FOREX Fundamental analysis for EURUSD on March 13, 2023
The news about the bankruptcy of SVB bank overshadowed the effect of the United States labor market release, although Non-farm Payrolls was not bad at all. The 311,000 jobs created in February spoke strongly about the steady recovery of the US economy, despite the Fed's hard line.
At the same time, according to NFP, the unemployment rate rose to 3.6% for the period and average wage growth fell to 4.6% from 5.9%.
US Employment Dynamics

On Friday, the Fed's rate outlook changed. Derivatives raised the probability of monetary tightening by 25 basis points from 30% to 60%, setting a rate ceiling of 5%, well below Thursday's forecast of 5.7%. What's more, investors are once again discussing the dovish reversal of the regulator. In a word, the news for the dollar is not so pleasant.

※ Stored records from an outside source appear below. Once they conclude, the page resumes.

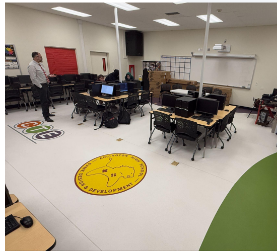
GAME DESIGN & DEVELOPMENT
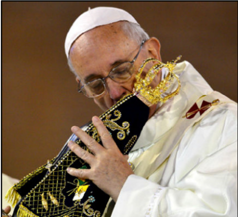
Pope Francis I Kissing the Black Madonna at Brazil's National Shrine, 24 th July 2013

"Thou shalt not bow down thyself unto them, nor serve them" (Deuteronomy 5.9a)
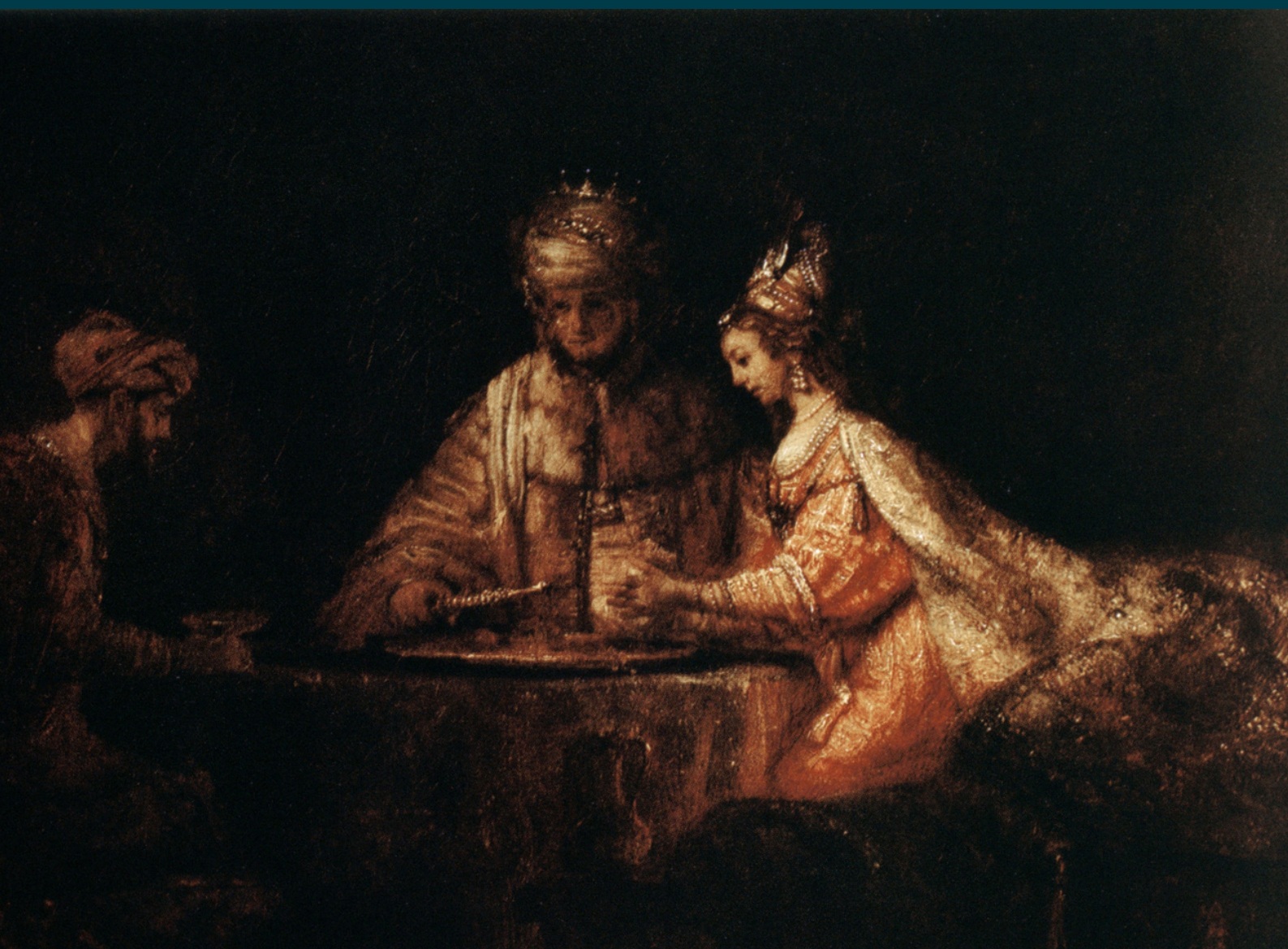
Ahasuerus and Haman at the Feast of Esther by Rembrandt
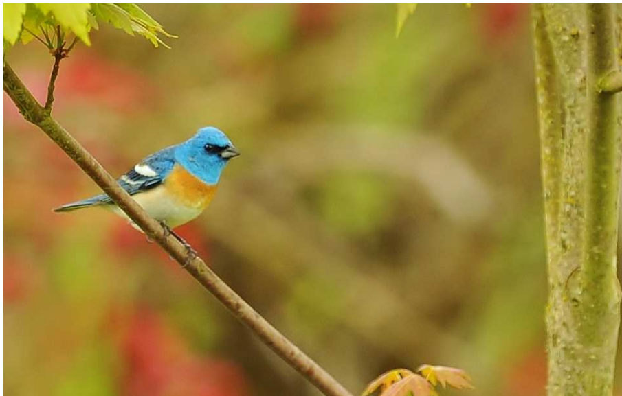
Lazuli Bunting
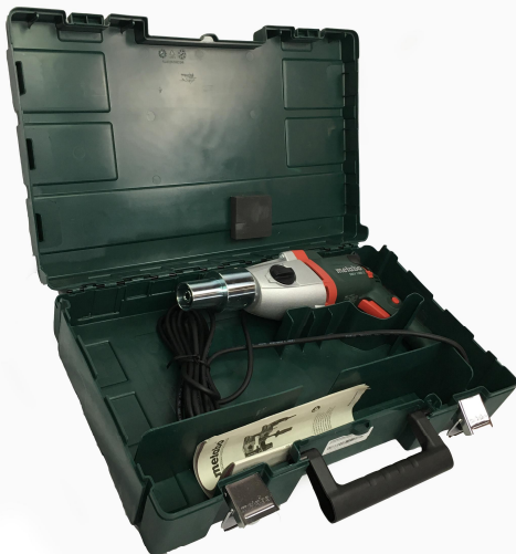
Metabo power drill transport box
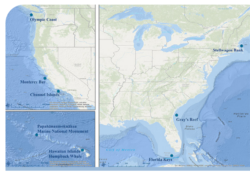
Locations of SanctSound observations (from <a href="https://sanctuaries.noaa.gov/science/monitoring/sound/">https://sanctuaries.noaa.gov/science/monitoring/sound/</a>)

SanctSound (https://sanctuaries.noaa.gov/science/ monitoring/sound/)—From Leila Hatch: "SanctSound is a multi-year effort, co-managed by the U.S. National Oceanic and Atmospheric Administration (NOAA) and the U.S. Navy, to monitor underwater sound within the U.S. National Marine Sanctuary System. In late 2018 to early 2019, recorders were placed at 28 of the project's 30 monitoring locations within seven national marine sanctuaries and one marine national monument. Twenty-six of these locations are serviced about 3 times/year, while 4 locations in the Papahānaumokuākea Marine National Monument are serviced annually. Additional data collection efforts are underway/planned for fall-winter 2019, including listening glider surveys in Gray's Reef and Stellwagen Bank National Marine Sanctuaries off the U.S. east coast, and in Papahānaumokuākea Marine National Monument in the Pacific Ocean. Several sites are integrating recording efforts with telemetry infrastructure, and supplementary tagging of soniferous species as well as receiver maintenance was underway in summer-fall 2019. The first six months of
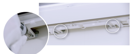
Screw holders for uneven surfaces
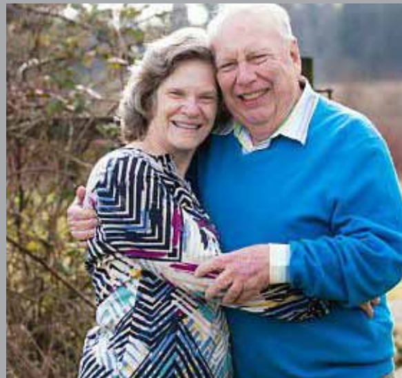
At the Meetings, cont'd p. 4

He will be most especially missed by his wife, children and grand-children, but also by us residents and Rotarians of Sumner.
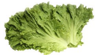
Green Leaf Fillets
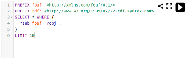
Fig. 2. The YASQE interface

YASQE 22 (See Figure 2) is an extensive JavaScript library, targeted at Semantic Web publishers. YASQE takes a simple HTML text area, and – with one JavaScript command – transforms it into a full featured IDE-like SPARQL query editor.
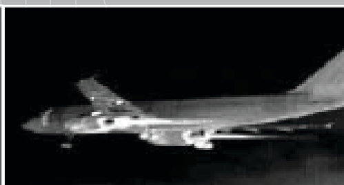
• Vision enhancement
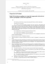
Ver2 (11 Nov)
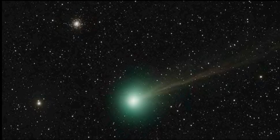
Image of comet C/2014 Q2 Lovejoy seen from Australia in December 2014. Left above of the comet is M79, a globular cluster in the constellation of Lepus. Just below the comet spiral galaxy NGC 1886 can be seen.

Comets are distinguished from asteroids by the presence of an extended, gravitationally unbound atmosphere surrounding their central nucleus. However, extinct comets that have passed close to the Sun many times have lost nearly all of their volatile ices and dust and may come to resemble
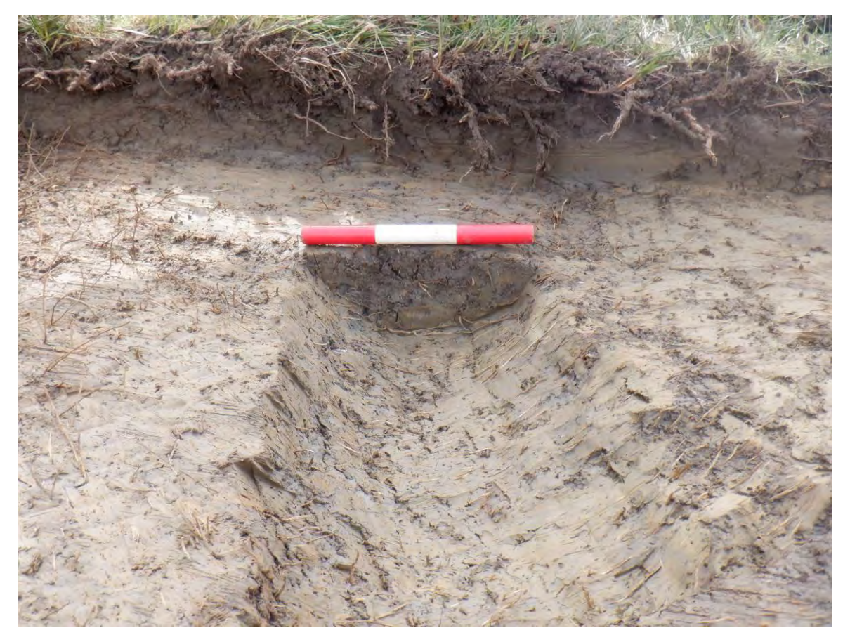
Plate 63. NE-facing section of linear [3206]
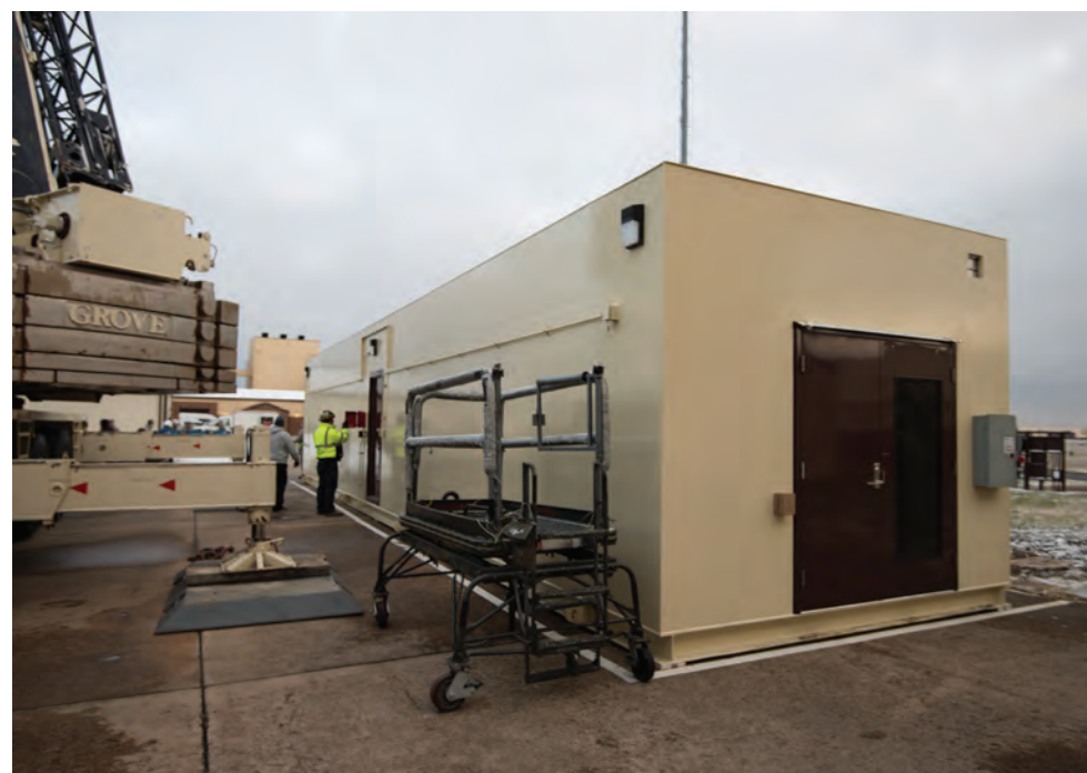
Contractors successfully deliver the new special access program facility (SAPF) Dec. 6, 2018, at Whiteman Air Force Base, Missouri. The SAPF allows the 509th Maintenance Group to detect defects in its radar cross section characteristics. Fixing these defects is essential to the B-2 Spirit Bomber's stealth abilities.
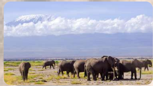
DAY 3: AMBOSELI
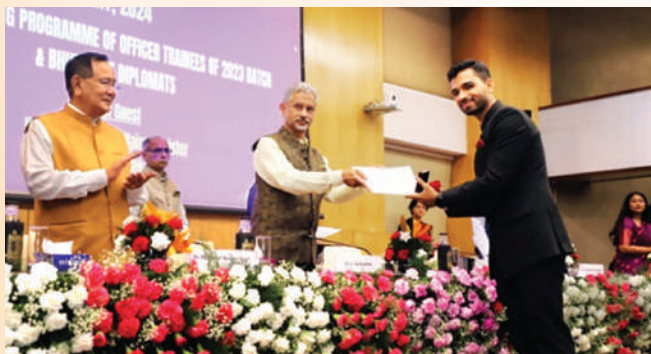
EAM's Gold Medal

At the same time, positive signals keep coming from the Eurozone. Gas prices went down by 90% compared to the last summer, which has a stimulating effect on the economy of the Euro bloc. Some experts expect some GDP growth of 1.6% for the year, while earlier it was expected a decline by 1.3%.
Dynamics of expectations of Fed rate reduction by the end of 2023

If we add to that the expectations of the increase of the deposit rates by 50 basis points in March, the growth of EUR/USD looks quite reasonable. Our forex trading strategy implies buying when the pair fixes above 1.0575. Apparently, it's time for the bulls.